East African Cables is set for a major ownership shake-up as a new investor announces plans to acquire a 68.37 percent stake through a Share Purchase Agreement signed on May 19, 2026.
According to the public announcement issued under the Capital Markets (Takeovers and Mergers) Regulations, the proposed transaction involves the acquisition of 173,071,149 ordinary shares currently held by Cable Holdings Kenya Limited, a wholly owned subsidiary of TransCentury PLC.
“TC acts through its court-appointed Joint Receivers to sell the entire 68.37% of the issued and fully paid share capital of EAC (representing 173,071,149 ordinary shares of KES 0.50 each), presently registered in the name of CHL (the “Sale Shares”),” the statement read in part.
The East African Cables’ Crisis
East African Cables is currently facing a severe financial and governance crisis following a loan default of approximately KSh 2.2 billion owed to Equity Bank.
The lender moved to protect its interests by appointing an administrator, taking over control of the company’s Nairobi factory, and initiating court-approved measures to recover the outstanding debt, including the sale of company assets.
EAC’s parent company, TransCentury, is also under receivership after defaulting on about KSh 2.8 billion owed to Equity Bank, worsening the group’s financial position.
As a result of the crisis, trading in the shares of both East African Cables and TransCentury were suspended indefinitely on the Nairobi Securities Exchange, pending the resolution of the insolvency proceedings.

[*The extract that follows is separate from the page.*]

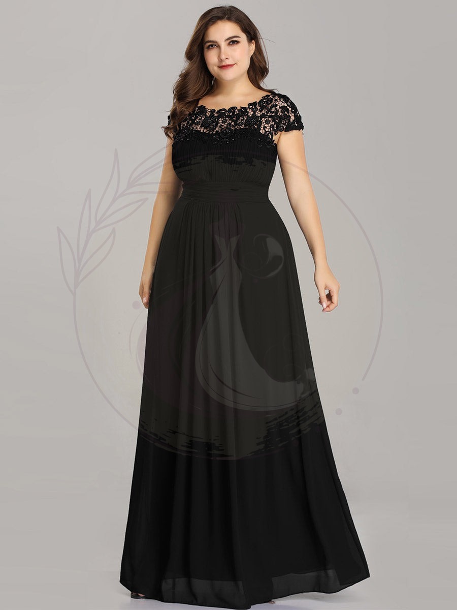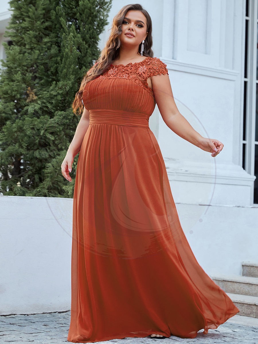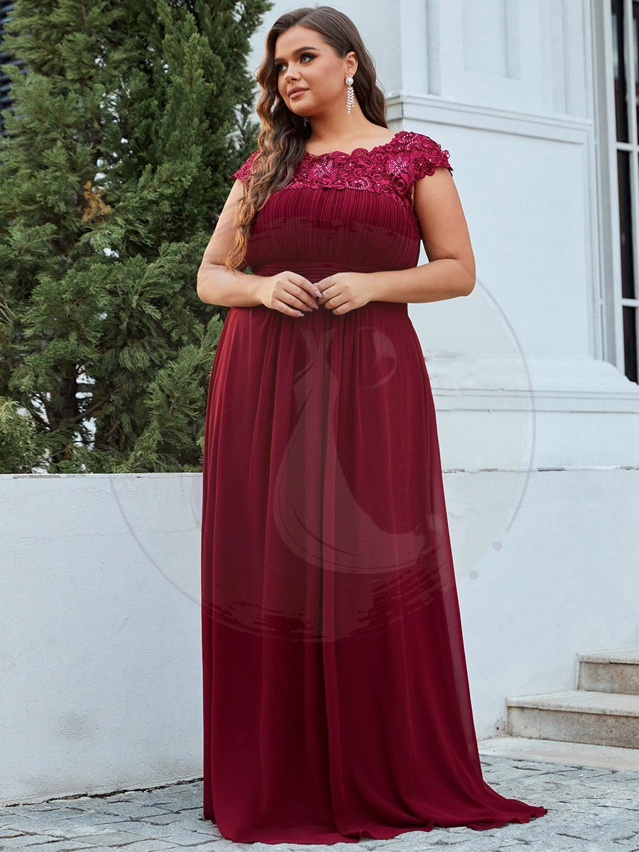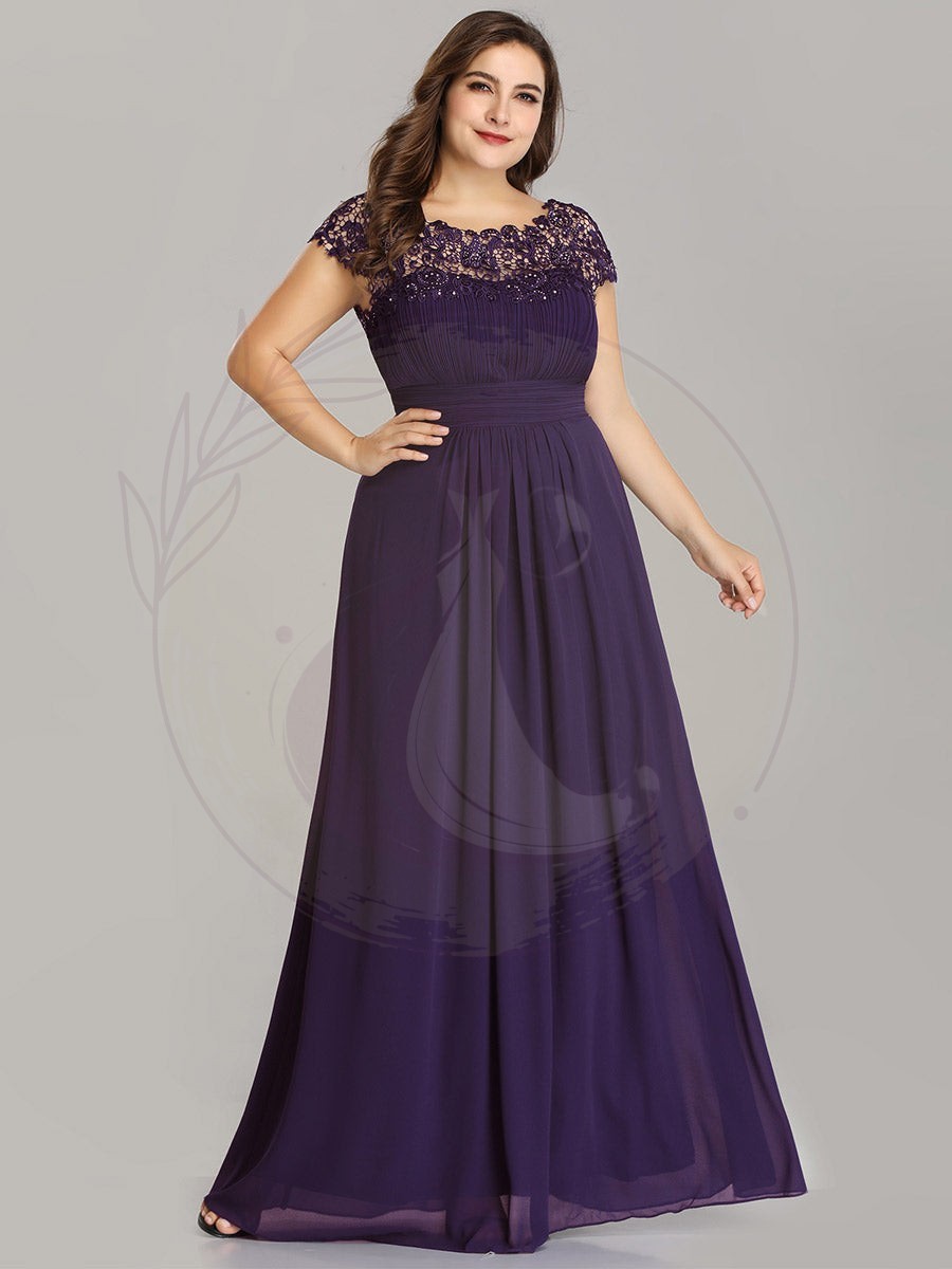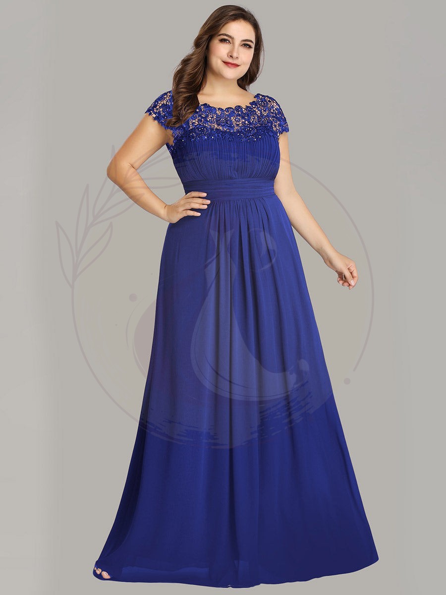 Ravissante robe de gala grande taille en chiffon avec détails de dentelle sur les manches courtes. L’encolure est sublimée par de la dentelle raffinée et de jolis strass, alors que les plis au niveau de la poitrine et de la ceinture dessinent une silhouette élégante. Cette robe longue pour femmes rondes convient à toutes les festivités.
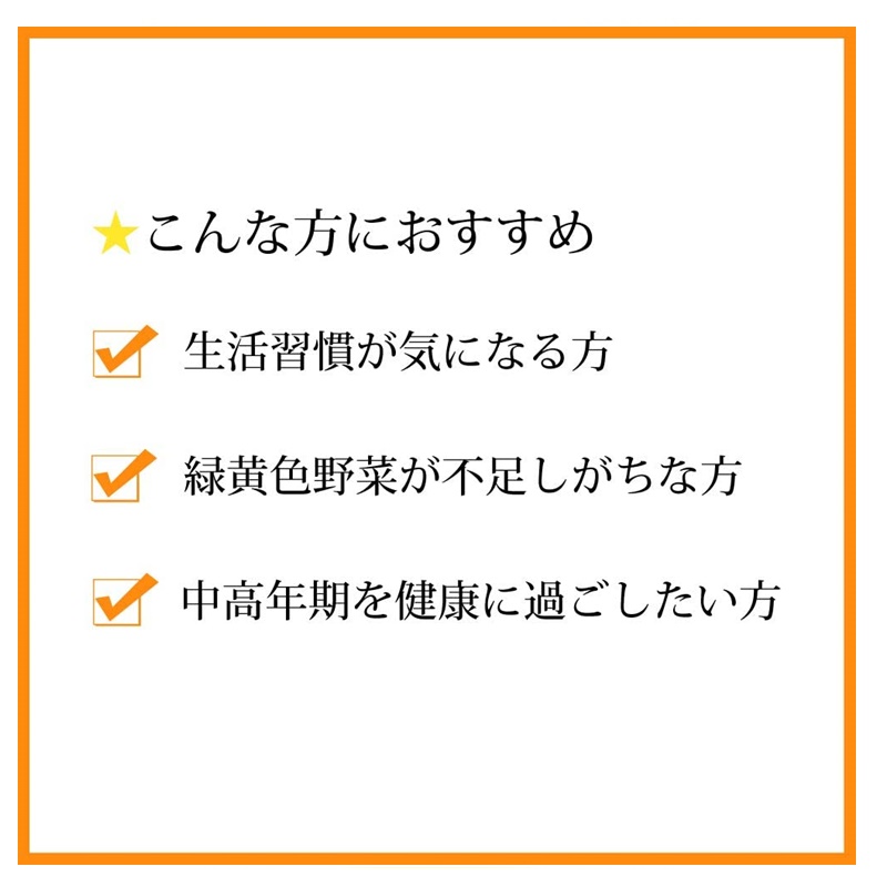 カサカサが気になる方、冷え・コリが気になる方、緑黄色野菜が不足しがちな方、

East African Cables Transfer Deal and Suspended Trading
From the notice, the transaction is expected to result in Cable Experts gaining effective control of East African Cables once the deal is completed and all approvals are secured.
The company stated that the acquisition is intended to support the continuation of East African Cables’ cable manufacturing business and facilitate the retirement of the company’s secured bank debt.
East African Cables, which is listed on the Nairobi Securities Exchange, is currently under administration.
Also Read: East African Cables Administrator Opens Bidding to Save Ailing Business
Additionally, trading of shares for both East African Cables and TransCentury remains suspended pending completion of the proposed transaction and related regulatory processes.
“As of the date of this announcement, trading in the shares of EAC and TC remains suspended on the Nairobi Securities Exchange. It is envisaged that suspension will continue through to Completion of the Transaction,” the announcement read.
Cable Experts stated that it does not intend to make a mandatory takeover offer to minority shareholders, despite the acquisition resulting in effective control of the company.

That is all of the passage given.